:: To do ::
An exact copy of the data is needed, but without any of its images.

┏━━

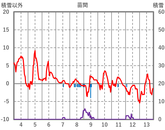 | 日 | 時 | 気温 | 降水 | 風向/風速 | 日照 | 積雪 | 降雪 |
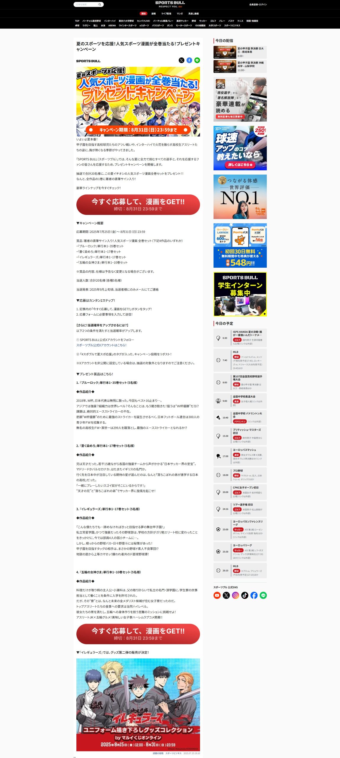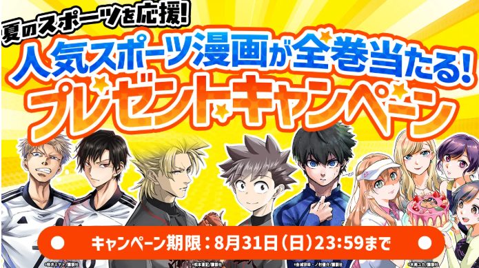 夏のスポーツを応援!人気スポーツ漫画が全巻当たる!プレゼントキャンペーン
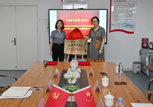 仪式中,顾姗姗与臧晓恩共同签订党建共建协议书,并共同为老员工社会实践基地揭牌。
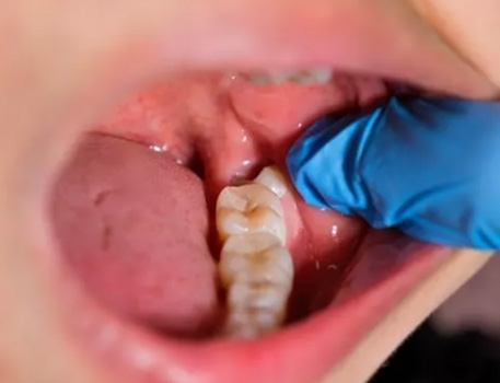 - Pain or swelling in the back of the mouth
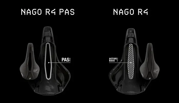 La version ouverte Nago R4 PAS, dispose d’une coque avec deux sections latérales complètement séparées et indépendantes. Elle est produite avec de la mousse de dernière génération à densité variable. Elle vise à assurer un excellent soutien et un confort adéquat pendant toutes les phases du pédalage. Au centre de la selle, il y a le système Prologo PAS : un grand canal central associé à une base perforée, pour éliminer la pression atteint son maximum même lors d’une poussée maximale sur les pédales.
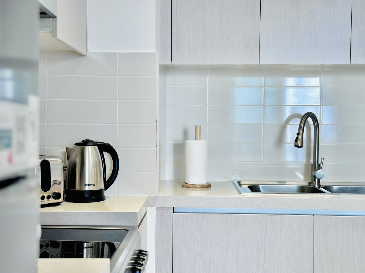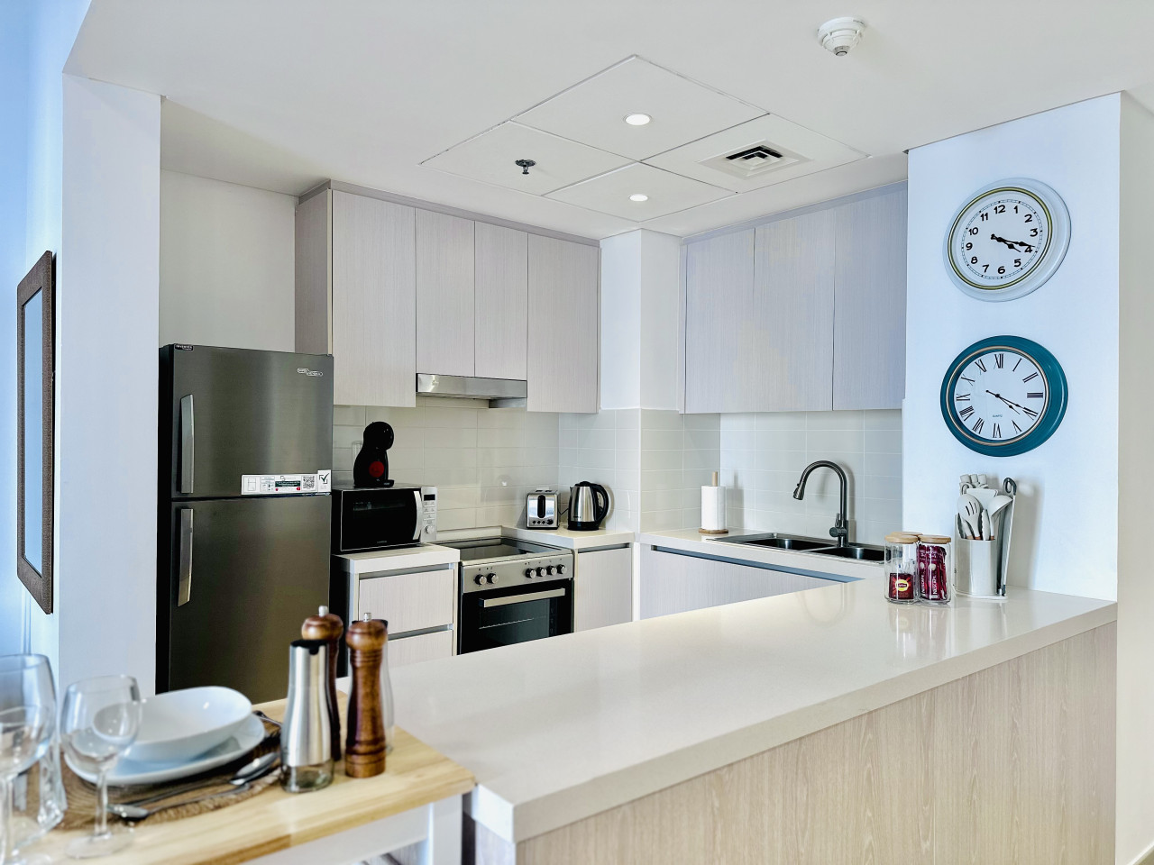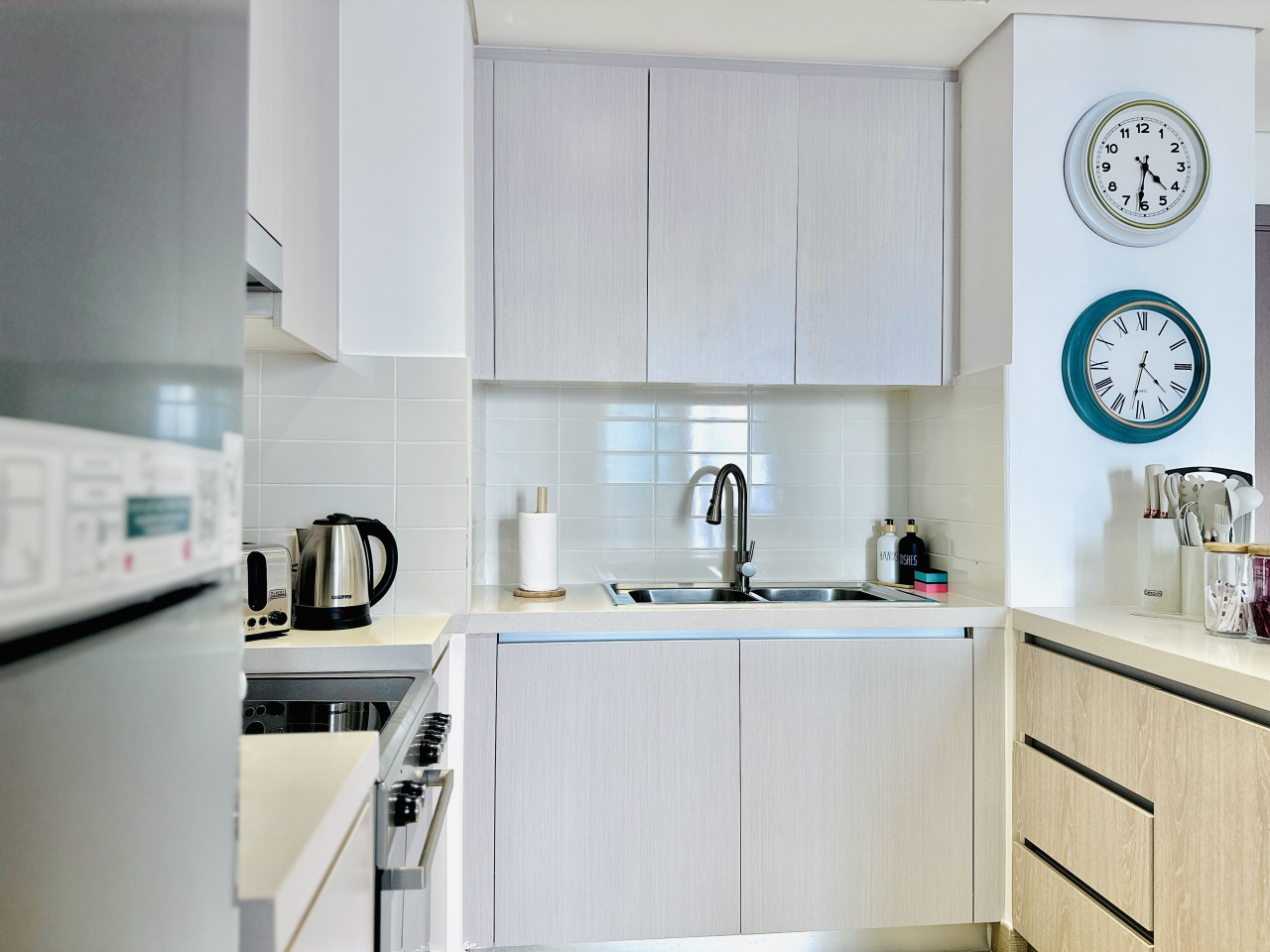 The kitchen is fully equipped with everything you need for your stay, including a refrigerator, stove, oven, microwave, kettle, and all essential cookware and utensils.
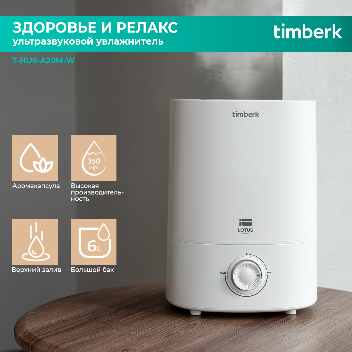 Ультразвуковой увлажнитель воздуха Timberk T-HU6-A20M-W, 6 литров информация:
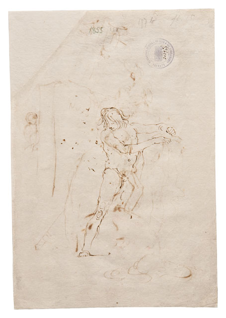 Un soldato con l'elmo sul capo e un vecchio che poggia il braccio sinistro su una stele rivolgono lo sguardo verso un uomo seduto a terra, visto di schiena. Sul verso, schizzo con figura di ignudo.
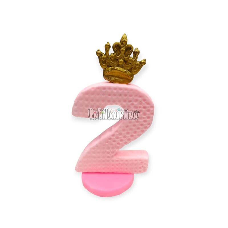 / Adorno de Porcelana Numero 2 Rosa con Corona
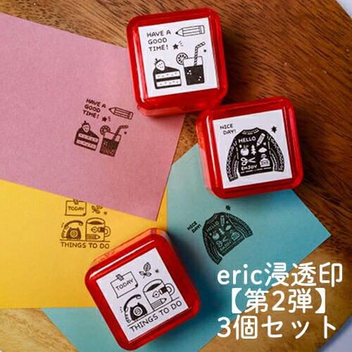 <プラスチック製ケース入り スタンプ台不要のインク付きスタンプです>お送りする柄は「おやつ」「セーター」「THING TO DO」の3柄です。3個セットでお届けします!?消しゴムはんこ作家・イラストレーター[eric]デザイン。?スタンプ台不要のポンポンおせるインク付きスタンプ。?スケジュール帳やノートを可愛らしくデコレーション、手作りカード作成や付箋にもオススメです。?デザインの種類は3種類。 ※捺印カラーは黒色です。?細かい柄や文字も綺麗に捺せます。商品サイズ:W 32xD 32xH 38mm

┗━━

:: Answer section ::
 | 日 | 時 | 気温 | 降水 | 風向/風速 | 日照 | 積雪 | 降雪 |
 夏のスポーツを応援!人気スポーツ漫画が全巻当たる!プレゼントキャンペーン
 仪式中,顾姗姗与臧晓恩共同签订党建共建协议书,并共同为老员工社会实践基地揭牌。
 - Pain or swelling in the back of the mouth
 La version ouverte Nago R4 PAS, dispose d’une coque avec deux sections latérales complètement séparées et indépendantes. Elle est produite avec de la mousse de dernière génération à densité variable. Elle vise à assurer un excellent soutien et un confort adéquat pendant toutes les phases du pédalage. Au centre de la selle, il y a le système Prologo PAS : un grand canal central associé à une base perforée, pour éliminer la pression atteint son maximum même lors d’une poussée maximale sur les pédales.
 The kitchen is fully equipped with everything you need for your stay, including a refrigerator, stove, oven, microwave, kettle, and all essential cookware and utensils.
 Ультразвуковой увлажнитель воздуха Timberk T-HU6-A20M-W, 6 литров информация:
 Un soldato con l'elmo sul capo e un vecchio che poggia il braccio sinistro su una stele rivolgono lo sguardo verso un uomo seduto a terra, visto di schiena. Sul verso, schizzo con figura di ignudo.
 / Adorno de Porcelana Numero 2 Rosa con Corona
 <プラスチック製ケース入り スタンプ台不要のインク付きスタンプです>お送りする柄は「おやつ」「セーター」「THING TO DO」の3柄です。3個セットでお届けします!?消しゴムはんこ作家・イラストレーター[eric]デザイン。?スタンプ台不要のポンポンおせるインク付きスタンプ。?スケジュール帳やノートを可愛らしくデコレーション、手作りカード作成や付箋にもオススメです。?デザインの種類は3種類。 ※捺印カラーは黒色です。?細かい柄や文字も綺麗に捺せます。商品サイズ:W 32xD 32xH 38mm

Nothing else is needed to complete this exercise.